The Attorney General is required, pursuant to A.C.A. § 7-9-107, to certify the popular name and ballot title of all proposed initiative and referendum acts or amendments before the petitions are circulated for signature. The law provides that the Attorney General may substitute and certify a more suitable and correct popular name and ballot title, if he can do so, or if the proposed popular name and ballot title are sufficiently misleading, may reject the entire petition.
A.C.A. § 7-9-107 neither requires nor authorizes this office to make legal determinations concerning the merits of the act or amendment, or concerning the likelihood that it will accomplish its stated objective. Consequently, this review has been limited to a determination, pursuant to the guidelines that have been set forth by the Arkansas Supreme Court, discussed below, of whether the proposed popular name and ballot title accurately and impartially summarize the provisions of your proposed act.
The purpose of my review and certification is to ensure that the popular name and ballot title honestly, intelligibly, and fairly set forth the purpose of the proposed act. See Arkansas Women's Political Caucus v.Riviere, 282 Ark. 463, 466, 677 S.W.2d 846 (1984).
The popular name is primarily a useful legislative device.

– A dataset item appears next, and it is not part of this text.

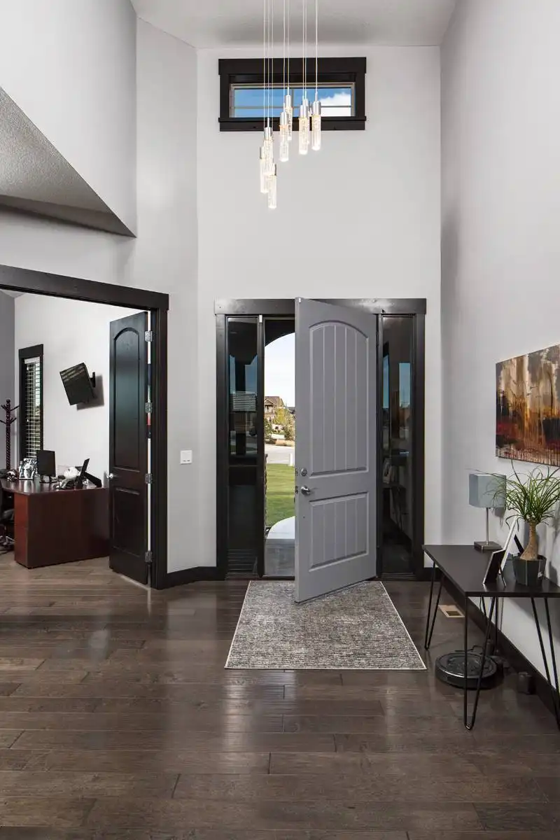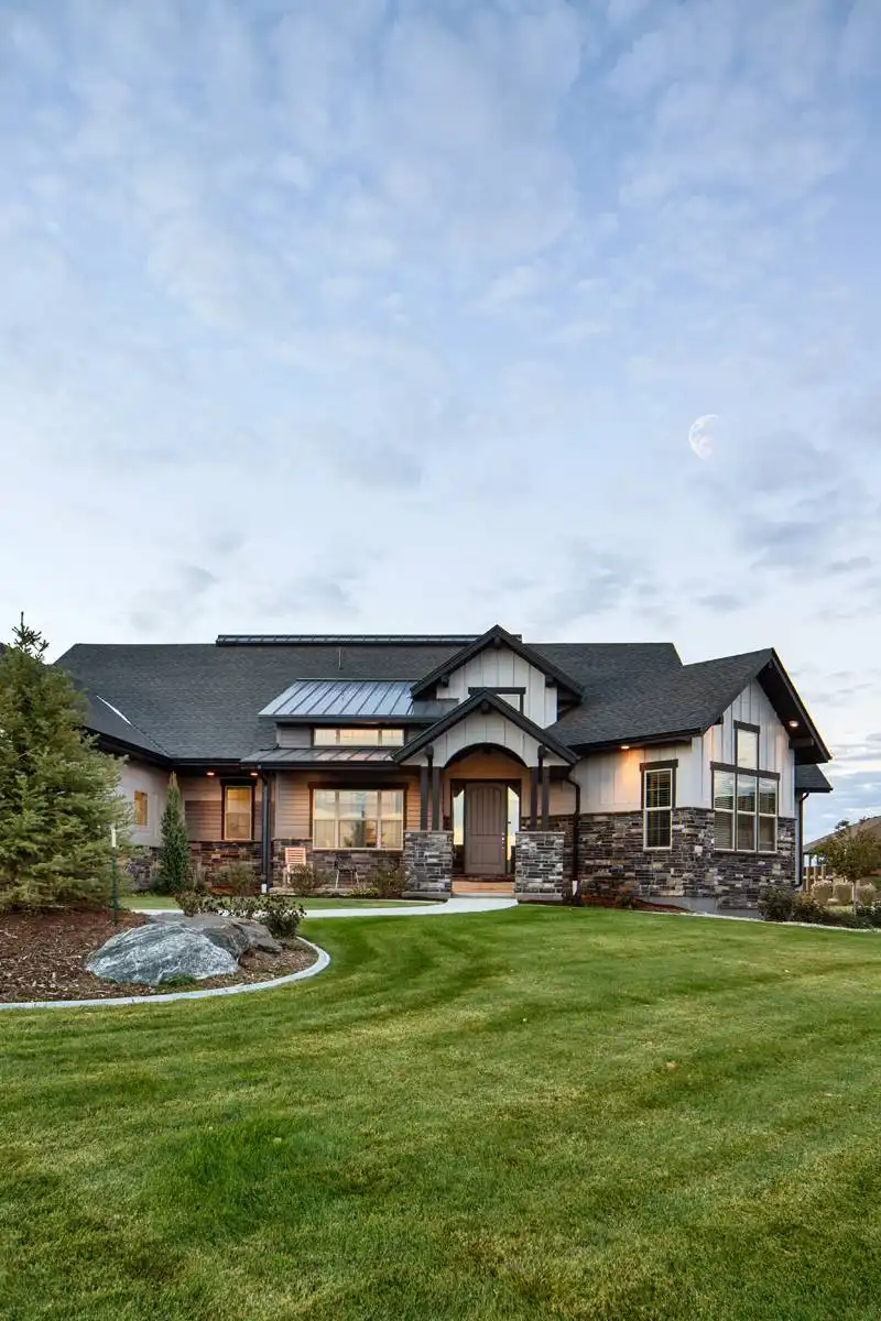 Designed for both entertaining and everyday ease, this 2767 square feet home plan features 2 bedrooms and 2.5 baths in a wide, open layout. The great room welcomes you with soaring ceilings and a cozy fireplace, connecting naturally to the dining room and well-appointed kitchen. A U-shaped kitchen with a central island and walk-in pantry keeps everything within reach while maintaining a clean, efficient workspace. The main level primary suite offers privacy and comfort with a walk-in closet and double vanity sink, positioned away from the secondary bedroom for a true split bedroom design. A private home office and convenient first-floor laundry make daily routines feel effortless. Downstairs, a rec room expands your living options, while a large unfinished basement area provides exceptional storage or future finishing potential. Step outside to enjoy the covered front porch, rear porch, and deck that extend your living space into the outdoors. With an attached 4 car front-entry garage and thoughtfully designed mud room, this home blends spacious living with everyday practicality in a way that feels both welcoming and refined.

Pafford v.Hall, 217 Ark. 734, 233 S.W.2d 72 (1950). It need not contain detailed information or include exceptions that might be required of a ballot title, but it must not be misleading or give partisan coloring to the merit of the proposal. Chaney v. Bryant, 259 Ark. 294, 532 S.W.2d 741 (1976); Moore v. Hall, 229 Ark. 411, 316 S.W.2d 207 (1958). The popular name is to be considered together with the ballot title in determining the ballot title's sufficiency. Id.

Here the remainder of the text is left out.